Tuesday, September 07, 2004

What Arnold really said

Jay writes:

The word debate was not in Arnold Schwarzenegger's speech!!!

"I finally arrived here in 1968. I had empty pockets, but I was full of dreams. The presidential campaign was in full swing. I remember watching the Nixon and Humphrey presidential race on TV."

Believing Blanton's & Ashton's post really got me flogged while arguing with a conservative. He pointed out my error and I was sorta embarrassed.


The Arnold Memory has come up before. Following is a commentary from one of the readers of the South Knox Bubba/West Knox Momma RNC blogathon:

Actually Arnold did say race.... this time. He has altered his lie for the convention.

"The Curious Nixon-Humphrey Debate
From Times Staff Reports

August 20, 2003

Fresh from Austria, a socialist country, Arnold Schwarzenegger decided to become a Republican after listening to "the debates of Hubert Humphrey and Richard Nixon when they were debating for the presidential race," or so he told television talk show host Bill O'Reilly in May 2001.

"Hubert Humphrey spoke about things I heard in Austria under socialism."

But there was no presidential debate in 1968. Although Humphrey challenged Nixon to a debate, Nixon, who won the election, demurred.

Schwarzenegger previously recounted his version of history during an interview at the 2000 Republican National Convention. "When I came to this country, I was sitting in front of the television set, and I watched a debate between Humphrey and Nixon, and I didn't even understand half of it because my English wasn't good enough then. I had a friend of [mine] translating"


...

He has repeated the same story to many journalists. Obviously somebody vetted his speech. Was he lying then? Obviously. Was he lying last night? Probably.

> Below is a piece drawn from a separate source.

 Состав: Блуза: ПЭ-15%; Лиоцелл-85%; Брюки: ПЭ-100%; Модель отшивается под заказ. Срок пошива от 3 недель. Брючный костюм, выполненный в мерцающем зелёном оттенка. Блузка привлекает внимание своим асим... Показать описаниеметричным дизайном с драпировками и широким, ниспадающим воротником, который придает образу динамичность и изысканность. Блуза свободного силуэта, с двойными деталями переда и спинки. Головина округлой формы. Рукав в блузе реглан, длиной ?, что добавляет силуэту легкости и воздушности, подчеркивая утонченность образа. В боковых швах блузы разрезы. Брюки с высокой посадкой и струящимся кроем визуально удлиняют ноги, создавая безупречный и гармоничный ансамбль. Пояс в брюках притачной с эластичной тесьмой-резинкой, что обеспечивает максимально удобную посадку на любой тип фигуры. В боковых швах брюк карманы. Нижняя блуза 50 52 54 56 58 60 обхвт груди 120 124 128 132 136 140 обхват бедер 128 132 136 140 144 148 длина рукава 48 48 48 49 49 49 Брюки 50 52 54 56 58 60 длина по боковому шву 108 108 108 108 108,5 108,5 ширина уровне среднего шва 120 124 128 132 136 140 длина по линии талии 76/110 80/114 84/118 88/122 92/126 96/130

He lies, he gropes, he was drug user, recreational and steroids. Just the guy to represent the family values of the GOP. And this is the guy everybody wants to pass an amendment for?


And there's this about seeing tanks in the streets of his socialist home:

Whopper: Arnold Schwarzenegger
What were Soviet tanks doing in Austria's British-occupied sector?
ByTimothy Noah
Posted Friday, Sept. 3, 2004, at 3:56 PM PT

When I was a boy, the Soviets occupied part of Austria. I saw their tanks in the streets. I saw communism with my own eyes. I remember the fear we had when we had to cross into the Soviet sector. Growing up, we were told, "Don't look the soldiers in the eye. Look straight ahead." It was a common belief that Soviet soldiers could take a man out of his own car and ship him off to the Soviet Union as slave labor.

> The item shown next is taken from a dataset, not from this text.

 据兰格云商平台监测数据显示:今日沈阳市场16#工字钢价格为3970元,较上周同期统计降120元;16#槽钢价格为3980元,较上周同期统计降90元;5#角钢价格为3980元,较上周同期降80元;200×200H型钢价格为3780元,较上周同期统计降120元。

My family didn't have a car—but one day we were in my uncle's car. It was near dark as we came to a Soviet checkpoint. I was a little boy, I wasn't an action hero back then, and I remember how scared I was that the soldiers would pull my father or my uncle out of the car, and I'd never see him again. My family and so many others lived in fear of the Soviet boot. Today, the world no longer fears the Soviet Union and it is because of the United States of America!

As a kid I saw the socialist country that Austria became after the Soviets left. I love Austria and I love the Austrian people—but I always knew America was the place for me.


—Arnold Schwarzenegger, Aug. 31, 2004

"It's a fact—as a child he could not have seen a Soviet tank in Styria," the southeastern province where Schwarzenegger was born and raised, historian Stefan Karner told the Vienna newspaper Kurier.

...Discussion. The AP story quotes Schwarzenegger spokeswoman Margita Thompson saying, "Never in there did the governor reference that the tanks were where he grew up. It was a reference to visiting Soviet-occupied Austria." But he sure as hell implied having lived on an everyday basis with both the risk and the reality of encountering Soviet goons.

...I can't let pass Schwarzenegger's smarmy implication that postwar socialism, to whatever extent it was practiced in Austria, was the legacy of Soviet occupation. There was and remains a big difference between European-style socialism and communism. The former boasts a long and proud tradition of anticommunism. That would have been especially true in Austria, where every chancellor between 1945 and 1970 was a conservative. The characteristic vice of Austrian conservatism isn't softness on communism. It's softness on Nazism.

More...


Jay, you're quite the optimist if you're still arguing with conservatives.

....but hey, do what you want....you will anyway.